# CS3244 Module Review – Machine Learning

With machine learning the hottest topic in the AI world as of now (2016), this module is hugely popular. In fact it is overly subscribed this year, and I believe it will continue to be like that. For 16/17 Sem 1, Prof. Min-Yen Kan is taking over the module with new syllabus and python as the main programming language (try to guess the language used before).

## Overview

- This course is mixed between theoretical knowledge and practical applications, with more focus on the theory behind machine learning.
- 3 homeworks throughout the semester, each with coding tasks (in python) and essay (theoretical) questions. Last homework is a Kaggle competition, where you can put whatever you learnt into practice to solve a machine learning challenge.
- Both midterm exam and final are open-book, i.e. whatever is tested won’t be found directly from course materials.

## What you will learn

The content of the module can be *classified* into 3 categories: **Conceptual (C), Practice (P) and Theory (T)**, based on the goal of learning. **Conceptual** means you need to understand it and there is no maths, whereas **Theory** means there are maths, logic and proofs. **Practice** means you need to be able to code it out with python and relevant machine learning libraries (mostly using scikit-learn).
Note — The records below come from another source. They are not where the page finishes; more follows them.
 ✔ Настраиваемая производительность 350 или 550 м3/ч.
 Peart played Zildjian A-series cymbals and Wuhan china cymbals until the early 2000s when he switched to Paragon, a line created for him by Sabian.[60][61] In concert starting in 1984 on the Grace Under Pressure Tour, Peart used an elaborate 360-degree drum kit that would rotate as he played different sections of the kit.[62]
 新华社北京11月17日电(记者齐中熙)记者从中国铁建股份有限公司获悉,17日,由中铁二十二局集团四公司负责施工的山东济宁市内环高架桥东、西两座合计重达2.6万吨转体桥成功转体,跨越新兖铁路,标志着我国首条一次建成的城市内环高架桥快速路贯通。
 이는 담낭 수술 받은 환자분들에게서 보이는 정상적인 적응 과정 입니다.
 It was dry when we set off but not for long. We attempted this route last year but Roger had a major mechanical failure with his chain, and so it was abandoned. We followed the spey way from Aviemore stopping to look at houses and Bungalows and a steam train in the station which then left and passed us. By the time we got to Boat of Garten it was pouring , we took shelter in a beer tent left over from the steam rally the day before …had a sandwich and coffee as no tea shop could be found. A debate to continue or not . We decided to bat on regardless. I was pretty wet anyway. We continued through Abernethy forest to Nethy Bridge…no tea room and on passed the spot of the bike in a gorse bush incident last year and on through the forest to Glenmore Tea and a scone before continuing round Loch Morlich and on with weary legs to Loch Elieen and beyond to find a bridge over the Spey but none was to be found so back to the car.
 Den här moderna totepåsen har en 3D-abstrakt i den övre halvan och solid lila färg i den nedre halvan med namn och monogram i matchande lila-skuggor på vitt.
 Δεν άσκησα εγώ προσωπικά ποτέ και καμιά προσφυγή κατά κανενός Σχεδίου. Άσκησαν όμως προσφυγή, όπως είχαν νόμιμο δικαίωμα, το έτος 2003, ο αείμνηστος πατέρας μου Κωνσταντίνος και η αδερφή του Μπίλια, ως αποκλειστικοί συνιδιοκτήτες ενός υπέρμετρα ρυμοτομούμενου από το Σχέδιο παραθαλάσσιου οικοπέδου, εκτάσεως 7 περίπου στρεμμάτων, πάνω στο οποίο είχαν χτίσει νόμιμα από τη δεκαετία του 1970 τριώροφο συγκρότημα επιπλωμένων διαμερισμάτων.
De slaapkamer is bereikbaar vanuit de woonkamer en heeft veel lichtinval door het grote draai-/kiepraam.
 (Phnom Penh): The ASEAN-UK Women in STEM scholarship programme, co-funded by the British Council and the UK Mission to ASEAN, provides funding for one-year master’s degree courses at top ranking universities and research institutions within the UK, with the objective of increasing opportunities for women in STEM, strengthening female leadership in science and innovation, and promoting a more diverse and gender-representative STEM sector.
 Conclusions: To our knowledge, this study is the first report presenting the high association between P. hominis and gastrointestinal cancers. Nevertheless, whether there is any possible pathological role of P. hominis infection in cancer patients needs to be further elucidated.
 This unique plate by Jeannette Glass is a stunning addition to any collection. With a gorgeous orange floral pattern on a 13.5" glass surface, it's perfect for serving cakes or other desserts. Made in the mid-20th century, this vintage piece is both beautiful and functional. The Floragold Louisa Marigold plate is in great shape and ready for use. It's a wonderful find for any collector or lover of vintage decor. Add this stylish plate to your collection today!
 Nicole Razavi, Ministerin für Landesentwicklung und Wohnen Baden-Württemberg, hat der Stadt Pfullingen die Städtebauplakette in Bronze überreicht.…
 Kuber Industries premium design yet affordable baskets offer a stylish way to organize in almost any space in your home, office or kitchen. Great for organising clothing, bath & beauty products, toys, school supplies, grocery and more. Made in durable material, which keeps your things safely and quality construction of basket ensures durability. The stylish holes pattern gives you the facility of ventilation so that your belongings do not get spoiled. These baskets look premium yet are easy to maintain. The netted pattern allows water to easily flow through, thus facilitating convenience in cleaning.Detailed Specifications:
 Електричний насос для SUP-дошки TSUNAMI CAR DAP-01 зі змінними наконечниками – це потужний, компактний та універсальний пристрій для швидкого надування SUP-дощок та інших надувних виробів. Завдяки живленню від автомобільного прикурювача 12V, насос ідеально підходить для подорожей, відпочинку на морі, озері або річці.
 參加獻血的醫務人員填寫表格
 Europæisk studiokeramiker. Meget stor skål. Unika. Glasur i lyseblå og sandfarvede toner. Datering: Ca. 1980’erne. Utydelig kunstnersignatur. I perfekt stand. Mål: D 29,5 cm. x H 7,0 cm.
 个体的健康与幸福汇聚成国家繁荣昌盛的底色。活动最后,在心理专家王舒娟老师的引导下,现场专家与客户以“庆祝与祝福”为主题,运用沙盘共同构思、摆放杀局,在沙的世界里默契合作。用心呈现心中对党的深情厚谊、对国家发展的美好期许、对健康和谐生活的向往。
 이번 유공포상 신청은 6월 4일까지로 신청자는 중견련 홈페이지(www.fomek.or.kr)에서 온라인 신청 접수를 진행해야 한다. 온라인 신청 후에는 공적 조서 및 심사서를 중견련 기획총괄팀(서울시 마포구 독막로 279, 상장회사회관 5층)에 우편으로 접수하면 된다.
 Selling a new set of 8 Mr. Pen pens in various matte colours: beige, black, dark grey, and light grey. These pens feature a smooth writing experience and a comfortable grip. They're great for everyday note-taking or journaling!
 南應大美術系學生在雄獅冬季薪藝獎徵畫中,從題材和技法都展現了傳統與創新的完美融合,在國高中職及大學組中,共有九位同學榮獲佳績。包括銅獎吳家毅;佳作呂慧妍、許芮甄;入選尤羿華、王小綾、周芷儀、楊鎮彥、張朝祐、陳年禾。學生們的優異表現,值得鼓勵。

Each topic may fall into one or more categories:

- Perceptron learning algorithm and the linear module (linear regression, logistic regression, stochastic gradient descent) – P&T
- Support vector machine, kernelization – P&T
- Issues with Bias, Variance and Overfitting – C&P
- Regularization and validation – T
- Learning Theory (generalization, VC analysis) – T
- Decision Tree (again?), Ensemble Methods – C&P
- Unsupervised learning (Gaussian Mixture Model, Expectation Maximization) – C&P
- Neural Network and Deep Learning (Not as exciting as you might think) – C&P

## Exams

Both midterm and final exam questions tend to test on conceptual and theory questions. Of course there will also be algorithm tracing questions as well. There are some questions in the tutorials that are extremely difficult. However, the exam questions are generally doable as long as you have enough time (I did not have enough time to finish either midterm or final).

## HomeWork and Project

This module has 3 homework assignments. The first two are relatively straightforward, requiring you to implement linear model and SVM with some parameter tuning. There are also essay questions on the theoretical part of linear model and SVM.

The last homework is actually a project where you can form teams with maximum of 3 people. You get to choose between a facial recognition problem and a natural language processing problem on Kaggle. In both problems you can use any machine learning frameworks and algorithms to solve the problem so you can be very creative and tryhard. Also, based on the feedback, deep learning seems to work well for both problems but the problems are likely to be different for the next batch.

## Useful Resources

- Course website for 2016:
- Kaggle competitions as machine learning projects:
- Set Question Answering – https://inclass.kaggle.com/c/nus-3244-setqa
- Labeled Faces in the Wild – https://inclass.kaggle.com/c/labeled-faces-in-the-wild

- Nice Article on Learning Theory:

## Advice

- With such a huge demand, it can be hard to get this module. For CS students, you can set or switch your focus area to
**Artificial Intelligence**in order to have a higher chance of getting it in MPE. Otherwise, save enough CORS points. Also note that you can also enter this module as a**guest student**, which allows you to access course materials in addition to attending lectures and tutorials. However, you will NOT be officially enrolled in the module, meaning you WON’T be able to attend official exams, get grades or MC for the module. - Prepare to learn theories and maths. This is not all about coding in python and calling libraries. In fact, theory and concepts take up most of the time in lectures and exams. The coding part is mainly handled by homework assignments and the project.
- This is one of the few modules that you will do just fine soloing. For all homework assignments and the project, you can do them alone. In fact I think the top scorers for both Kaggle competitions are half teams and half soloers.

Do you mind to share me your lecture notes on cs3244 and cs4246? Very interested in this 2 modules, just want to take a close look on the teaching materials.